Physics and economics are two disciplines which have quite a lot in common – they’re both mathematical in character, many of their practitioners are not short of intellectual self-confidence – and they both have imperialist tendencies towards their neighbouring disciplines. So the interaction between the two fields should be, if nothing else, interesting.

The origins of econophysics

The most concerted attempt by physicists to colonise an area of economics is in the area of the behaviour of financial markets – in the field which calls itself “econophysics”. Actually at its origins, the traffic went both ways – the mathematical theory of random walks that Einstein developed to explain the phenomenon of Brownian motion had been anticipated by the French mathematician Bachelier, who derived the theory to explain the movements of stock markets. Much later, the economic theory that markets are efficient brought this line of thinking back into vogue – it turns out that financial markets can be quite often modelled as simple random walks – but not quite always. The random steps that markets take aren’t drawn from a Gaussian distribution – the distribution has “fat tails”, so rare events – like big market crashes – aren’t anywhere like as rare as simple theories assume.

Empirically, it turns out that the distributions of these rare events can sometimes be described by power laws. In physics power laws are associated with what are known as critical phenomena – behaviours such as the transition from a liquid to a gas or from a magnet to a non-magnet. These phenomena are characterised by a certain universality, in the sense that the quantitative laws – typically power laws – that describe the large scale behaviour of these systems doesn’t strongly depend on the details of the individual interactions between the elementary objects (the atoms and molecules, in the case of magnetism and liquids) whose interaction leads collectively to the larger scale phenomenon we’re interested in.

For “econophysicists” – whose background often has been in the study of critical phenomenon – it is natural to try and situate theories of the movements of financial markets in this tradition, finding analogies with other places where power laws can be found, such as the distribution of earthquake sizes and the behaviour of sand-piles. In terms of physicists’ actual impact on participants in financial markets, though, there’s a paradox. Many physicists have found (often very lucrative) employment as quantitative traders, but the theories that academic physicists have developed to describe these markets haven’t made much impact on the practitioners of financial economics, who have their own models to describe market movements.

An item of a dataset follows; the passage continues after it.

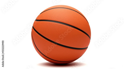 © Dmitrii, Fototapeta premium High-quality basketball isolated on a white background. Textured orange ball used for professional and recreational play. Ideal sports equipment for games, training, and competitions

Other ideas from physics have made their way into discussions about economics. Much of classical economics depends on ideas like the “representative household” or the “representative firm”. Physicists with a background in statistical mechanics recognise this sort of approach as akin to a “mean field theory”. The idea that a complex system is well represented by its average member is one that can be quite fruitful, but in some important circumstances fails – and fails badly – because the fluctuations around the average become as important as the average itself. This motivates the idea of agent based models, to which physicists bring the hope that even simple “toy” models can bring insight. The Schelling model is one such very simple model that came from economics, but which has a formal similarity with some important models in physics. The study of networks is another place where one learns that the atypical can be disproportionately important.

If markets are about information, then physics should be able to help…

One very attractive emerging application of ideas from physics to economics concerns the place of information. Friedrich Hayek stressed the compelling insight that one can think of a market as a mechanism for aggregating information – but a physicist should understand that information is something that can be quantified, and (via Shannon’s theory) that there are hard limits on how much information can transmitted in a physical system . Jason Smith’s research programme builds on this insight to analyse markets in terms of an information equilibrium[1].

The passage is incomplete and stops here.